Class derived class Name: Inheritance mode base class name

{

Members of derived classes

};

Inheritance mode: Public, private, and protected, default processing is public.

2. Double colon (::) usage

(1) indicates "domain Operator"

Example: Declares a Class A, Class A declares a member function void F (), but does not give the definition of F in the declaration of the class, so when F is defined outside the class,

will be written as void A::f (), which indicates that the F () function is a member function of class A.

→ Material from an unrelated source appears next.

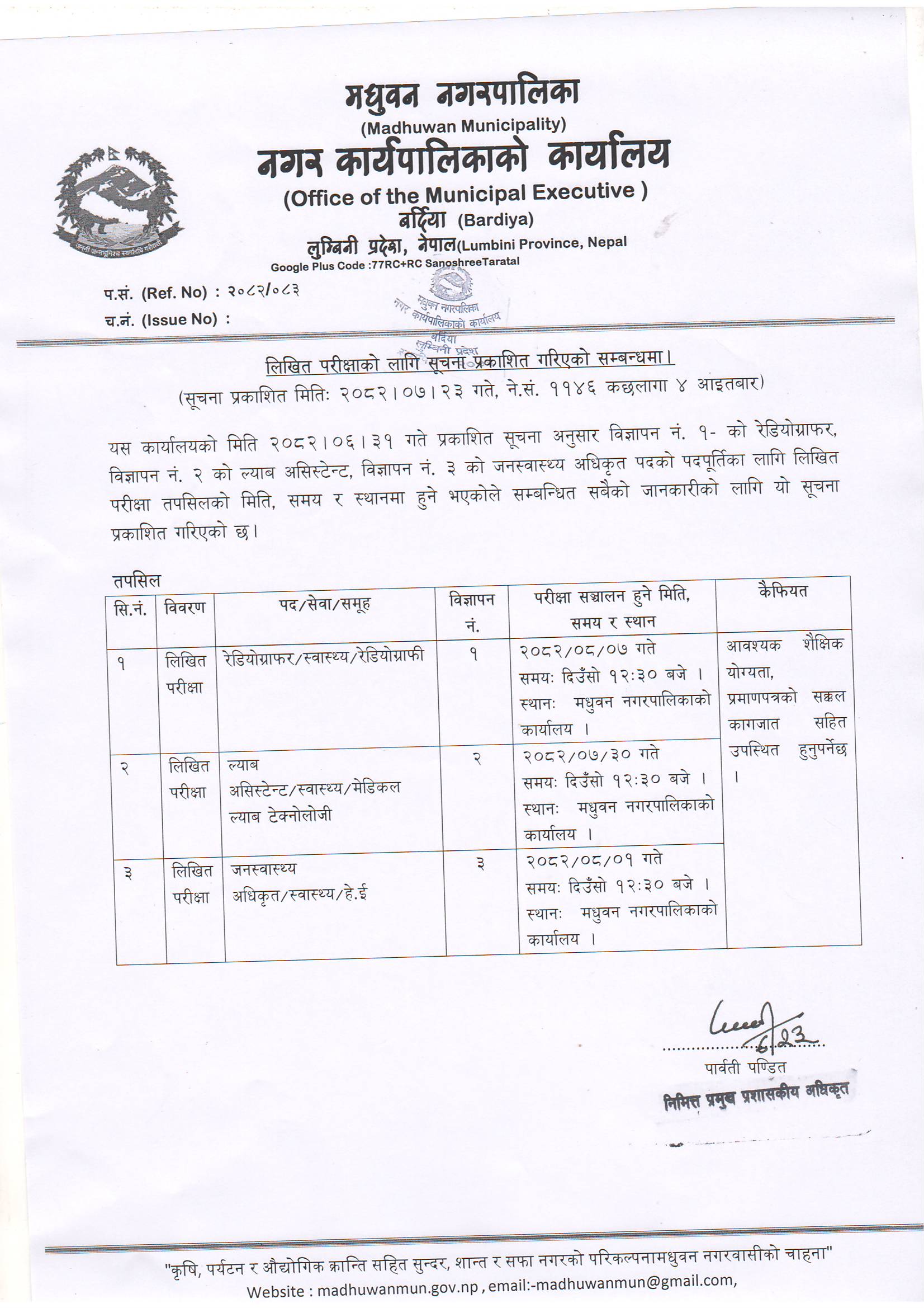 » लिखित परीक्षाको लागि सूचना प्रकाशित गरिएको सम्बन्धमा ।।।

(2) Directly before the global function, which means the global function

Example: In the VC, you can call the API function, in front of the API functions:

(3) Representing reference member functions and variables, scope member operators

Example: System::math::sqrt () equivalent to SYSTEM.MATH.SQRT ()

I. Single colon (:)
While some information is stored, it does not need to occupy a full byte, only a few or one bits. For example, when storing a switching volume, there are only 0 and 12 states, with one binary. In order to save storage space and make processing simple, C language also provides a data structure, called "bit field" or "bit segment". The so-called "bit field" is to divide the binary in one byte into several different regions and describe the number of bits per region. Each domain has a domain name that allows operations to be performed by domain name in the program. This allows you to represent several different objects in a bits field of one byte. The definition of a bit field and the description of a bit-field variable are similar to the structure definition, in the form of:
struct bit domain structure name
{bit field List};
Where the list of bit fields is in the form: type specifier bit domain name: bit field length
For example:
struct BS
{
int a:8;
int b:2;
int c:6;
};
The description of a bit-field variable is the same as the structure variable description. Can be defined by the first description, at the same time define the description or direct description of the three ways. For example:
struct BS
{
int a:8;
int b:2;
int c:6;
}data;
Indicates that data is a BS variable, which accounts for two bytes. Where bit domain A occupies 8 bits, bit domain B is 2 bits, bit field C is 6 bits. There are several explanations for the definition of bit fields:
1. A bit field must be stored in the same byte and cannot span two bytes. If one byte has enough space left to hold another domain, the bit field should be stored from the next cell. You can also intentionally make a field start from the next unit. For example:
struct BS
{
unsigned a:4
unsigned:0/* airspace */
Unsigned b:4/* Start storage from the next unit */
unsigned c:4
}


In this bit domain definition, a occupies the first byte of 4 bits, the latter 4 bits fill 0 means not to use, B starts with the second byte, occupies 4 bits, and C occupies 4 bits.
2. A bit field can have no bit domain name, it is only used to fill or adjust the location. Nameless bit fields are not available. For example:
struct k
{
int a:1
Int:2/* The 2-bit cannot be used */
int B:3
int C:2

};

From the above analysis, we can see that the bit field is essentially a type of structure, but its members are assigned by binary.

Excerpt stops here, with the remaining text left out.